企業組織を統括する経営者は、常に健康維持に気を配らなくてはいけません。身体の健康はもちろんですが、精神面での健康は「企業の伸び」に大きく影響を与えるようです。今回の無料メルマガ『致知出版社の「人間力メルマガ」』では、ユニ・チャーム創業者・高原慶一郎さんが語った、経営者にとって重要な「4つのスタンス」と、ケアすべき「4つの病」を紹介しています。
人間がかかる4つの病
ユニ・チャームを創業し、日本を代表する日用品メーカーに育てた高原慶一郎氏。いまから約15年前に『致知』にご登場いただいた際、大変興味深いお話をしてくださいました。
「経営者に求められる4つのスタンス」、そして、「人間がかかる4つの病」とは?
社内の信頼感を高めるには、とにかく一人ひとりの社員と報告、連絡、相談、つまり「報・連・相」でコミュニケーションを取り続けることです。基本中の基本ですが、こういったことを愚直に実行していくことが一番じゃないかと思いますね。
結局どんな大きな企業ももともとは中小企業、もっと言えばスタートは一人なんですよ。人もいない、物もない、カネもないという状況から始まります。
そこから大きくなる企業もあれば、中小零細のまま終わる企業もある。その違いは何かと私なりに考えてみると、やはり経営者の器、資質に拠るところが大きいと思います。
よく言いますでしょう、企業はトップ以上に大きくならないと。やはり自分を中心にした小成に甘んじる経営者は伸びない、ということは言えると思います。

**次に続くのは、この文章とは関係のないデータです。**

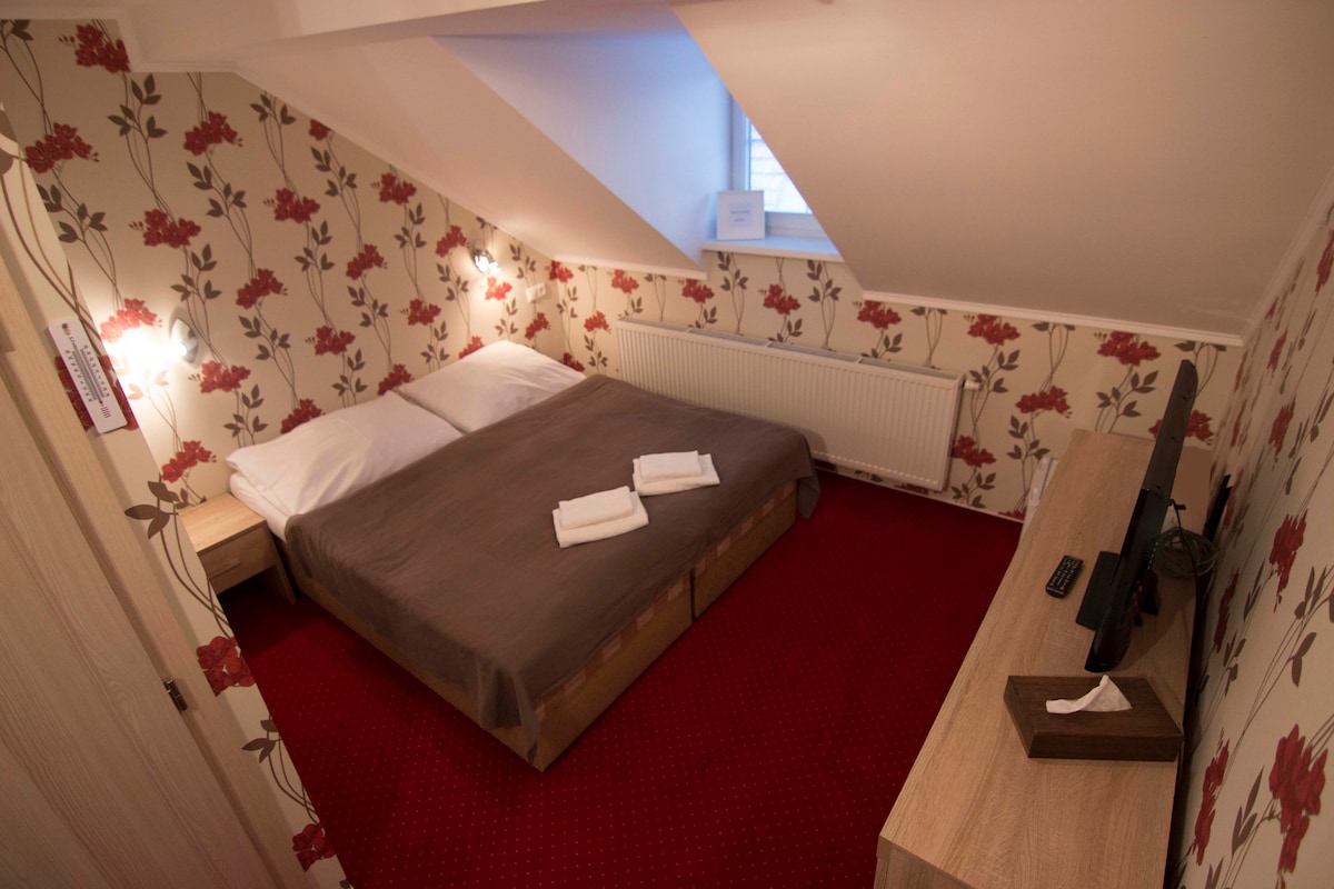 We are a boarding house with a family atmosphere, located right in the centre of historic city Banska Bystrica. In this case, we offer a triple room with one doubled-bed, one single-bed and own bathroom. Also an extra-bed is available on request and for an additional fee. Our goal is to provide quality services at reasonable prices. We always try to work in such a way that we prepare our guests the best possible stay, and they leave us satisfied and happy.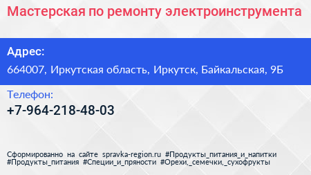 Мастерская по ремонту электроинструмента по адресу 664007, Иркутская область, Иркутск, Байкальская, 9Б в дальнейшем Организация, размещена в следующих категориях:

それを防ぐためには、まず経営は一人ではできないと自覚して、人、商品、資金という経営資源の構築力に優れた人材をどんどん起用する。若い人も年配の人も織り交ぜながら、二人三脚経営、あるいは三人寄れば文殊の知恵経営が望ましいと思います。
いくら組織を整えても、やはり経営者自身が高い志を持ち続けていないと難しい。これは私の人生観にも繋がるものですが、トップが
「一生勉強、一生危機感、一生青春、一生情熱」
という4つのスタンスを身につけているか。そういう生き方を貫いて、示していくことが大切です。
ただ人間は放っておくと心が病気になるんです。症状には4つあって、一つ目は「自惚れ」、二つ目に「驕り」、三つ目に「マンネリ」、そしてベースにあるのは「甘え」ではないかと思います。
失敗している経営者は必ずこの心の生活習慣病にかかっていますから、絶えず自制していかなければならないということです。